**SUPPLIED DATA:**
BEGIN
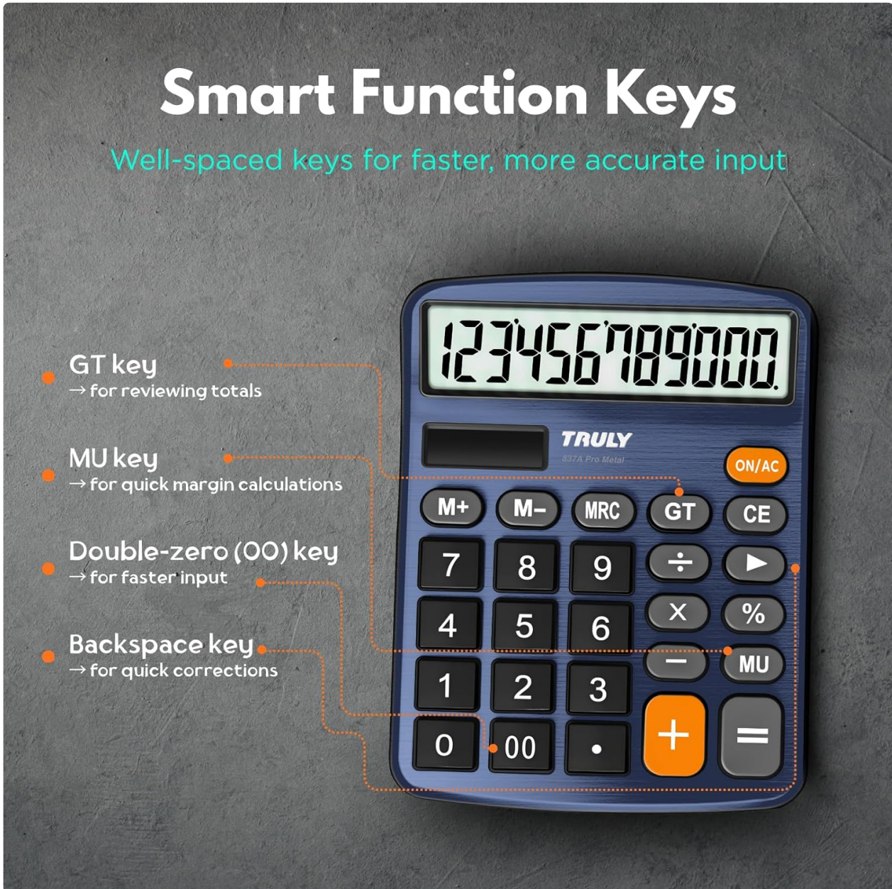
Image: The TRULY 837A Pro calculator highlighting its smart function keys: GT key for reviewing totals, MU key for quick margin calculations, Double-zero (00) key for faster input, and Backspace key for quick corrections.

Familiarize yourself with the calculator's layout and key functions for efficient operation.
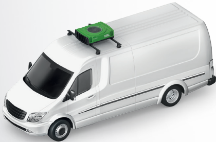
Delivery service vehicles
END
**WHAT YOU NEED TO DO:**
Every line with the word "calculator" in it should be copied from the listing above.

**EXPECTED ANSWER:**
Image: The TRULY 837A Pro calculator highlighting its smart function keys: GT key for reviewing totals, MU key for quick margin calculations, Double-zero (00) key for faster input, and Backspace key for quick corrections.
Familiarize yourself with the calculator's layout and key functions for efficient operation.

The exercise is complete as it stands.